START Exercise data
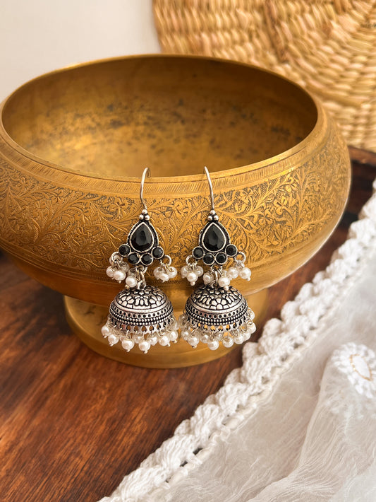 MEERA- German Silver Moti Jhumka
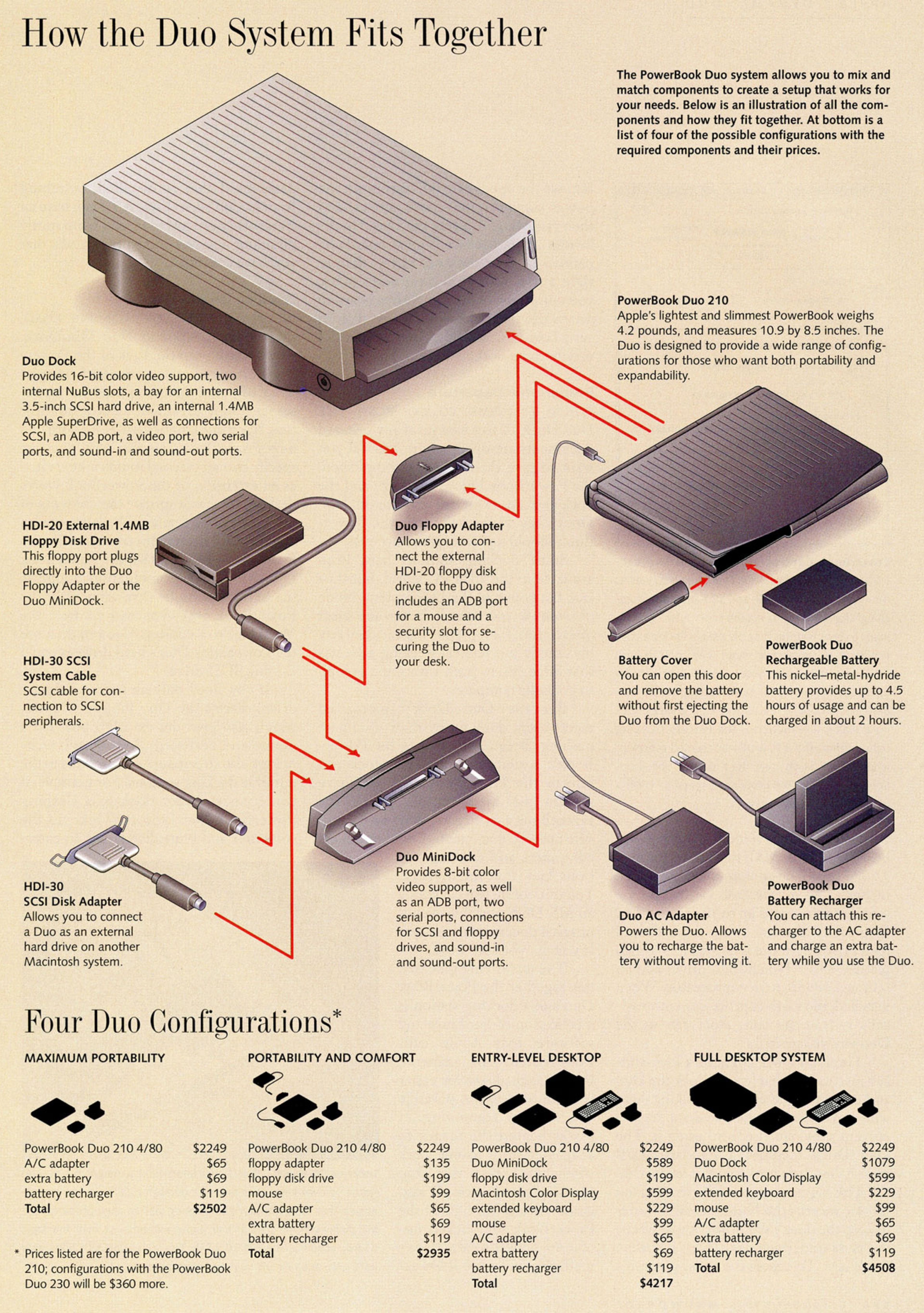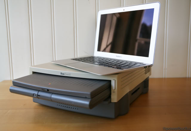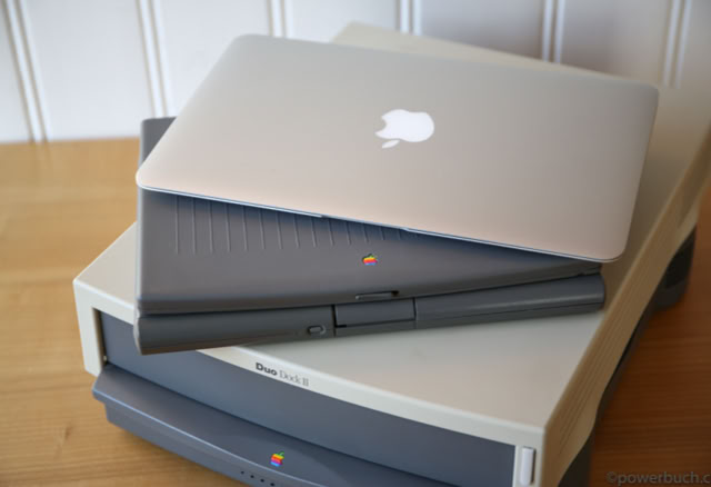 Das Duo-System war ein Zwischending zwischen Laptop und Desktop. Das Gesamtsystem bestand aus einer stationären und einer mobilen Einheit. Arbeitete der Benutzer am Schreibtisch, schob er das mobile Gerät in eine Art Halterung. Die Abmessungen waren beeindruckend. Nicht das MacBook Air war Apples erstes Notebook. Mit dem Anfang der 90er Jahre auf den Markt gebrachten Powerbook Duo hatte Apple ein Notebook in den Abmessungen eines Blattes Papier und weniger als zwei Kilogramm Gewicht.
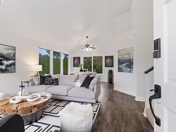 Welcome to this beautifully maintained home in the heart of Troutdale! This move-in ready residence features high vaulted ceilings, new flooring, an updated kitchen, with quartz countertops, newer appliances, and fresh interior & exterior paint for a crisp, modern look. The spacious owner's suite and updated bath offer comfort and style, while the mature landscaping create a private outdoor retreat complete with RV parking. Major updates include a new roof (3yrs), newer AC and furnace (6-7 yrs), irrigation system (10 yrs), and LVP flooring on the main (7-8 yrs), upstairs flooring in bathrooms (2025), tiling in Owner's Suite(2025). Enjoy outdoor living on the updated rear deck and enclosed yard with newer fencing. Lava rock area is great for an outdoor firepit. Conveniently located near parks, schools and downtown Troutdale amenities--this home combines thoughtful updates with timeless charm. Make this home yours before the holidays!
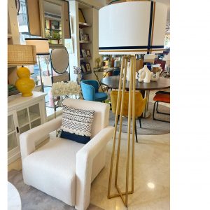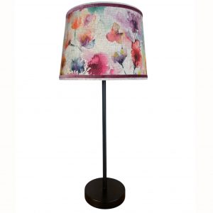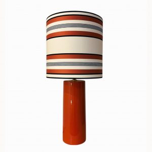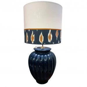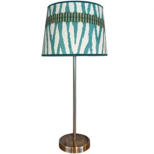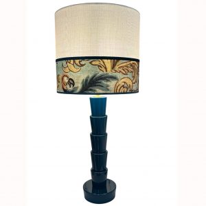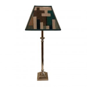 PANTALLA 20CM TRAPECIO CONFECCIONADA EN TELA GEOMÉTRICA + CINTA EN LOS TONOS DE LA TELA.
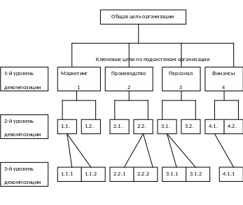 Декомпозиция цели(дерево цели) — это расчленение, разъединение цели на составные части, подцели. Однако в процессе декомпозиции не должна нарушаться целостность цели, все части общей цели должны представлять собой иерархическую структуру.
END Exercise data
Task instructions = Reproduce only the lines from the first line of the entries through the line containing "Das Duo-System war", exactly and with both ends kept. Omit the pictures.

Task result =
 MEERA- German Silver Moti Jhumka
 Das Duo-System war ein Zwischending zwischen Laptop und Desktop. Das Gesamtsystem bestand aus einer stationären und einer mobilen Einheit. Arbeitete der Benutzer am Schreibtisch, schob er das mobile Gerät in eine Art Halterung. Die Abmessungen waren beeindruckend. Nicht das MacBook Air war Apples erstes Notebook. Mit dem Anfang der 90er Jahre auf den Markt gebrachten Powerbook Duo hatte Apple ein Notebook in den Abmessungen eines Blattes Papier und weniger als zwei Kilogramm Gewicht.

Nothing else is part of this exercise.